Task goal: When you print the records below, keep every word exact and leave out the images.

_ _ _

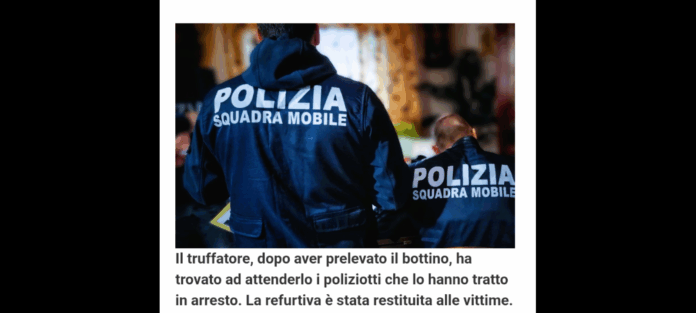 La segnalazione ha consentito l’immediato intervento dei poliziotti in borghese della Squadra Mobile, che si sono appostati nei pressi dell’abitazione degli anziani. Decisiva anche la cinturazione della zona operato dagli agenti della Squadra Volante, utile a impedire ogni possibile via di fuga del truffatore. L’operazione ha consentito di cogliere l’arrivo di un individuo, il quale, spacciandosi per l’incaricato del prelievo, si è effettivamente fatto consegnare dalle vittime le fedi in oro e altri oggetti di valore.
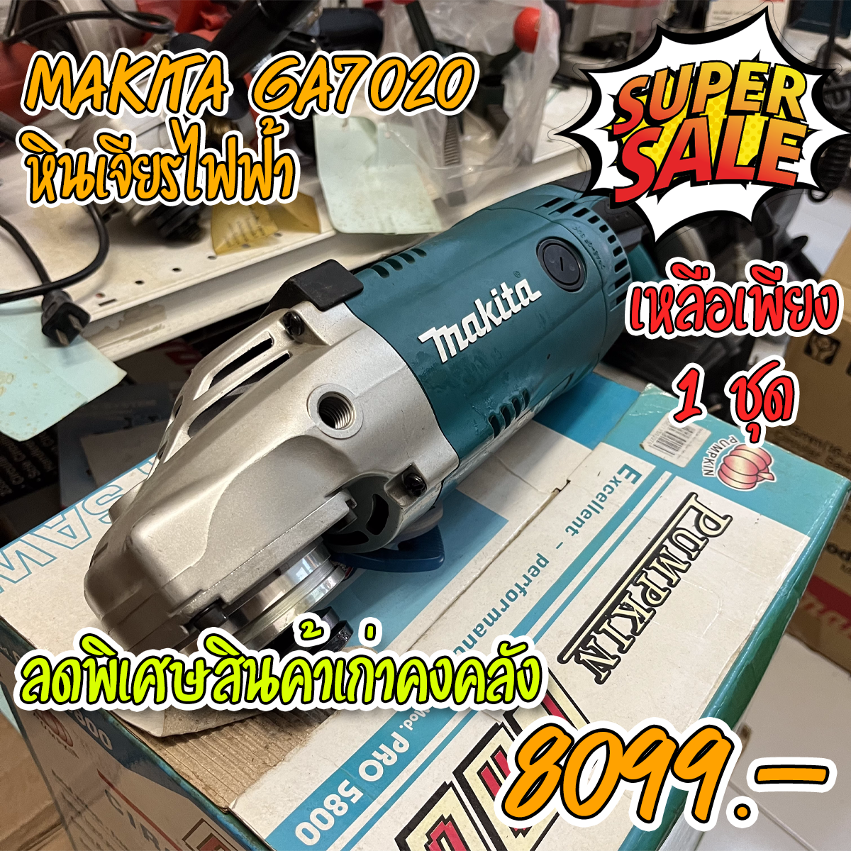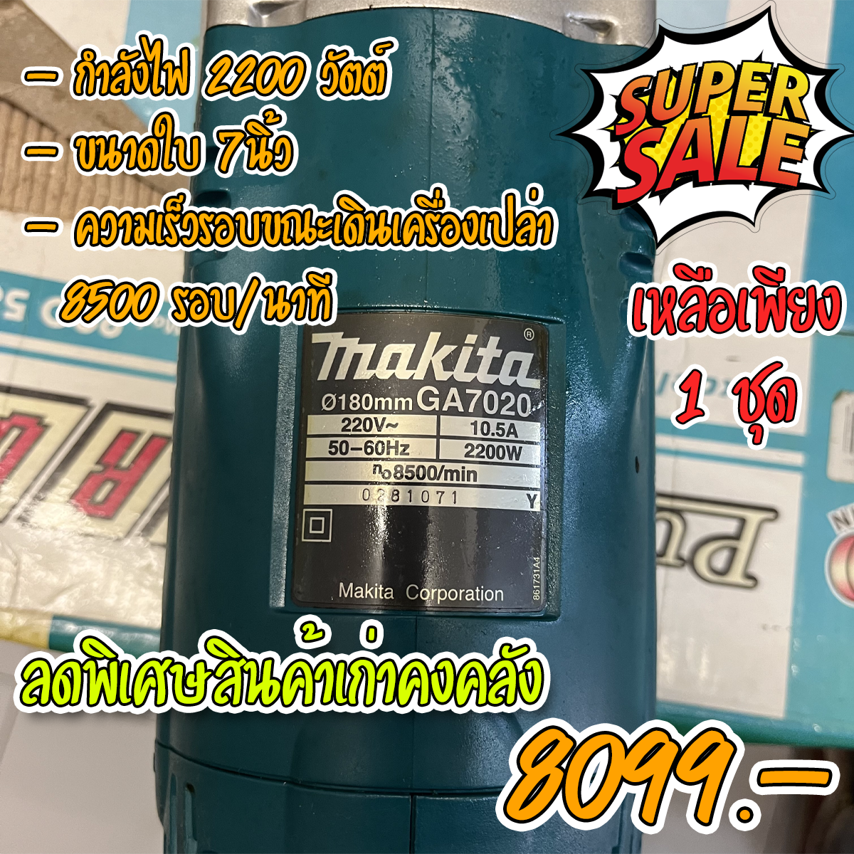 เครื่องเจียร 7นิ้ว (180mm.) MAKITA GA7020 (2200w.) สวิทช์ท้าย • มีความทนทาน และมีระบบระบายความร้อนคงที่ • โครงสร้างถูกออกแบบให้ป้องกันฝุ่นผง เข้าสู่ตัวเครื่อง • ตัวเครื่องถูกออกแบบให้มีความทนทานด้วยการใช้เฟืองดอกจอก • ตัวเสื้อเฟืองสามารถหมุนปรับตำแหน่งได้ทุกๆ 90 องศา • ใช้กับถ่าน CB-204 • กำลังไฟฟ้าที่ใช้ 2,200W • ความเร็วรอบตัวเปล่า (rpm) 8,500 • น้ำหนักสุทธิ 5.5 กก.(12.2 ปอนด์) • คุณลักษณะ ฉนวน • ขนาดเครื่อง (ม.ม.) 473 X 200 X 140 มม. • (ยาว x กว้าง x สูง) (18-5/8″ X 7-7/8″ X 5-1/2″) • เส้นผ่าศูนย์กลางแผ่นเจีย 180 มม.(7″)
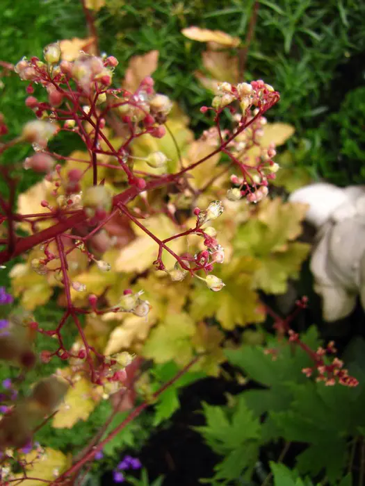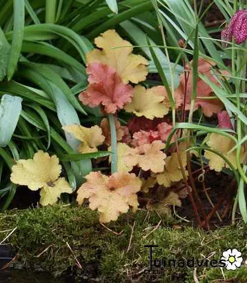 Heuchera's wortelen vrij oppervlakkig en dienen dus iets dieper dan de kroon geplant te worden.
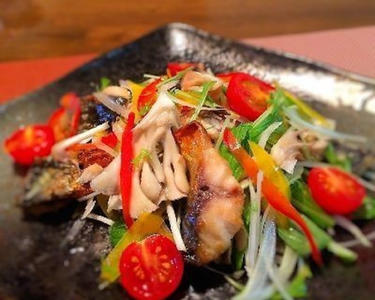 焼いたサバ、2の野菜、ドレッシングを混ぜ合わせます。器に盛って完成です。
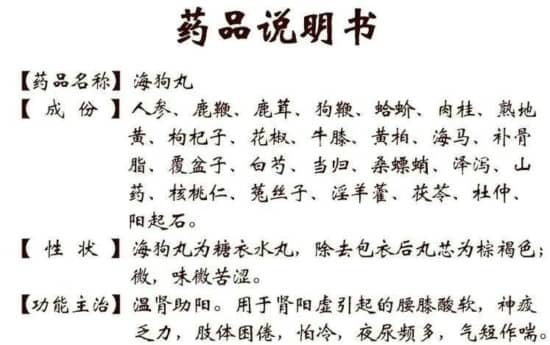 这些「海狗丸」的产品说明书上也明确标明了产品的主要功效:
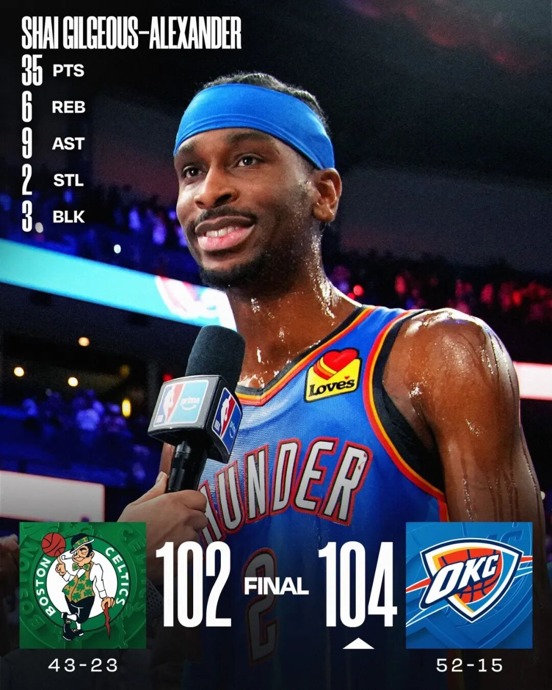 常规赛,雷霆主场104-102战胜凯尔特人。
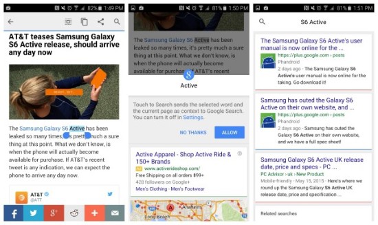 สมมุติว่า เราเปิดเบราว์เซอร์ Chrome อ่านบทความนึงเกี่ยวกับภาพยนตร์ที่น่าสนใจ อย่าง Captain America: Civil War เราแค่แตะคลุมข้อความไฮไลท์คำว่า America บนหน้าเว็บ chrome ก็จะหาข้อมูลตามที่เราไฮไลท์ทันที ซึ่งจะหาเป็น Captain America: Civil War พร้อมกับข้อมูลนักแสดง เนื้อหา ภาพประกอบ ข่าว และอื่นๆอีกมากมายมาแสดงบริเวณด้านล่างทันที
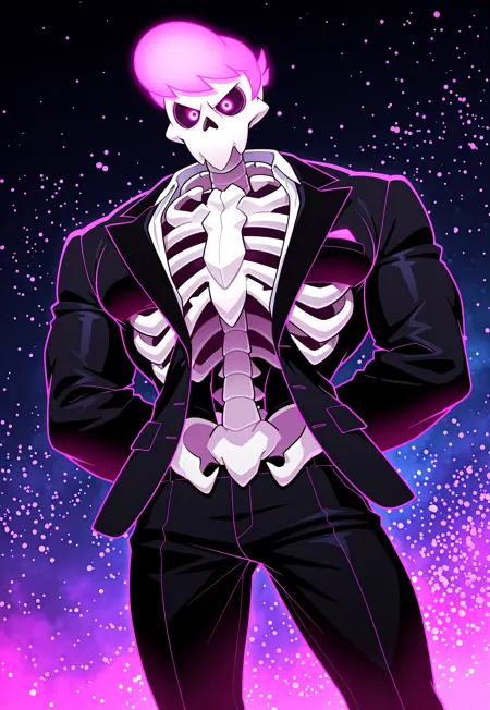 ((Skeleton, Skeleton body):1.4), (no lower jaw on the face:1.4), adult, manly, ,solo, bright vibrant pink hair, highlighted with glowing purple outlines, gloves, pink hairstyle, glowing hair, glowing eyes, black sclera, pink eyes, broad shoulders, Huge pectoral,
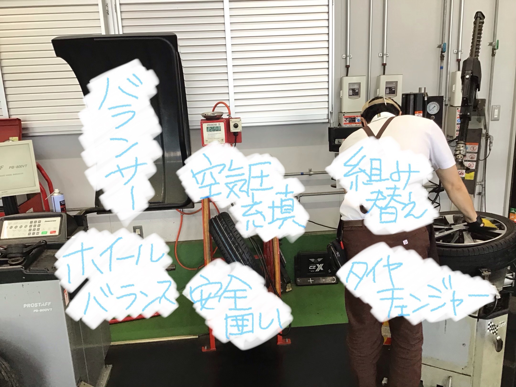 いつも通り、画像右側からタイヤの組み替えを行います。チューブレスバルブの交換やリム掃除等を行い新品タイヤを組み付けます。画像中央の、安全囲いに組み終えたタイヤを入れ、空気圧充填作業!
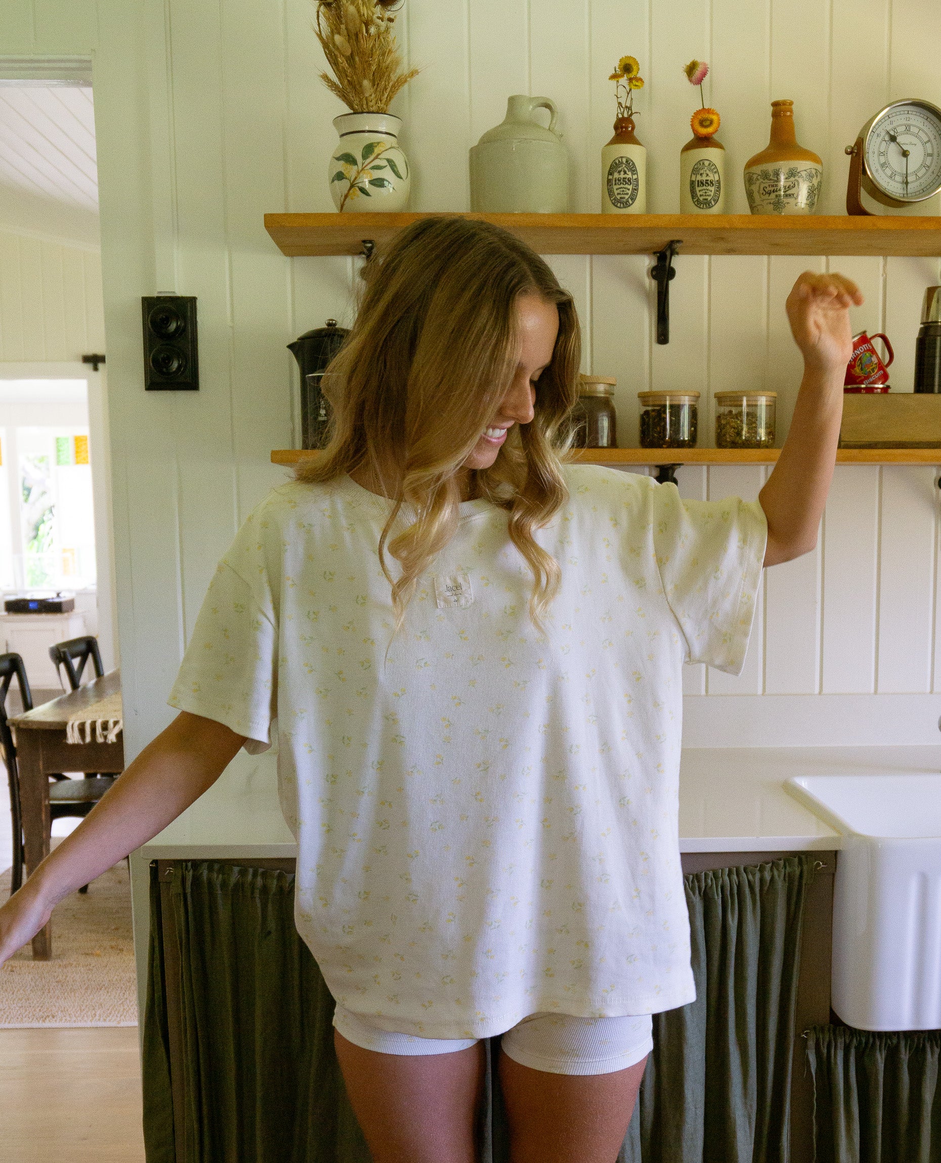 The Lottie Tee is designed to be an oversized, relaxed boxy fit, perfect for pairing with the matching Lotti bike shorts.
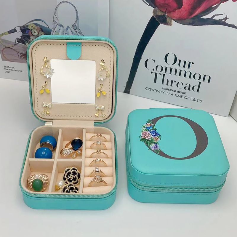 New Creative Letter Jewelry Box with Mirror Portable Travel Ring Necklace Earrings Stud Earrings Earring Blue Square Storage Box
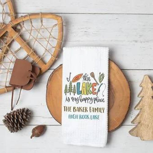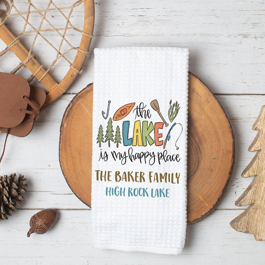 Personalized The Lake Is My Happy Place Kitchen Towel | Lake House Decor | Lake House Gift | Lake Themed Kitchen | Custom Lake Accessories
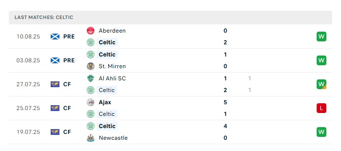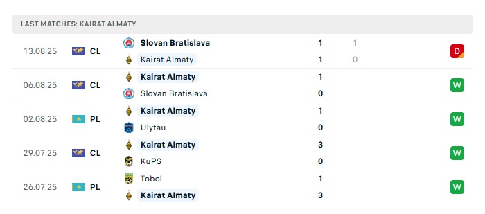 Phong độ gần đây Celtic  vs Kairat Almaty
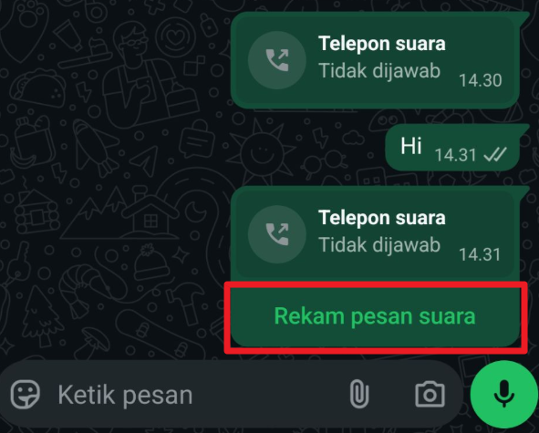 From the customer’s perspective, if the call is declined, the customer will see a "Rekam pesan suara" or “Record Voice Message” button.

_ _ _

Your solution:
 La segnalazione ha consentito l’immediato intervento dei poliziotti in borghese della Squadra Mobile, che si sono appostati nei pressi dell’abitazione degli anziani. Decisiva anche la cinturazione della zona operato dagli agenti della Squadra Volante, utile a impedire ogni possibile via di fuga del truffatore. L’operazione ha consentito di cogliere l’arrivo di un individuo, il quale, spacciandosi per l’incaricato del prelievo, si è effettivamente fatto consegnare dalle vittime le fedi in oro e altri oggetti di valore.
 เครื่องเจียร 7นิ้ว (180mm.) MAKITA GA7020 (2200w.) สวิทช์ท้าย • มีความทนทาน และมีระบบระบายความร้อนคงที่ • โครงสร้างถูกออกแบบให้ป้องกันฝุ่นผง เข้าสู่ตัวเครื่อง • ตัวเครื่องถูกออกแบบให้มีความทนทานด้วยการใช้เฟืองดอกจอก • ตัวเสื้อเฟืองสามารถหมุนปรับตำแหน่งได้ทุกๆ 90 องศา • ใช้กับถ่าน CB-204 • กำลังไฟฟ้าที่ใช้ 2,200W • ความเร็วรอบตัวเปล่า (rpm) 8,500 • น้ำหนักสุทธิ 5.5 กก.(12.2 ปอนด์) • คุณลักษณะ ฉนวน • ขนาดเครื่อง (ม.ม.) 473 X 200 X 140 มม. • (ยาว x กว้าง x สูง) (18-5/8″ X 7-7/8″ X 5-1/2″) • เส้นผ่าศูนย์กลางแผ่นเจีย 180 มม.(7″)
 Heuchera's wortelen vrij oppervlakkig en dienen dus iets dieper dan de kroon geplant te worden.
 焼いたサバ、2の野菜、ドレッシングを混ぜ合わせます。器に盛って完成です。
 这些「海狗丸」的产品说明书上也明确标明了产品的主要功效:
 常规赛,雷霆主场104-102战胜凯尔特人。
 สมมุติว่า เราเปิดเบราว์เซอร์ Chrome อ่านบทความนึงเกี่ยวกับภาพยนตร์ที่น่าสนใจ อย่าง Captain America: Civil War เราแค่แตะคลุมข้อความไฮไลท์คำว่า America บนหน้าเว็บ chrome ก็จะหาข้อมูลตามที่เราไฮไลท์ทันที ซึ่งจะหาเป็น Captain America: Civil War พร้อมกับข้อมูลนักแสดง เนื้อหา ภาพประกอบ ข่าว และอื่นๆอีกมากมายมาแสดงบริเวณด้านล่างทันที
 ((Skeleton, Skeleton body):1.4), (no lower jaw on the face:1.4), adult, manly, ,solo, bright vibrant pink hair, highlighted with glowing purple outlines, gloves, pink hairstyle, glowing hair, glowing eyes, black sclera, pink eyes, broad shoulders, Huge pectoral,
 いつも通り、画像右側からタイヤの組み替えを行います。チューブレスバルブの交換やリム掃除等を行い新品タイヤを組み付けます。画像中央の、安全囲いに組み終えたタイヤを入れ、空気圧充填作業!
 The Lottie Tee is designed to be an oversized, relaxed boxy fit, perfect for pairing with the matching Lotti bike shorts.
 New Creative Letter Jewelry Box with Mirror Portable Travel Ring Necklace Earrings Stud Earrings Earring Blue Square Storage Box
 Personalized The Lake Is My Happy Place Kitchen Towel | Lake House Decor | Lake House Gift | Lake Themed Kitchen | Custom Lake Accessories
 Phong độ gần đây Celtic  vs Kairat Almaty
 From the customer’s perspective, if the call is declined, the customer will see a "Rekam pesan suara" or “Record Voice Message” button.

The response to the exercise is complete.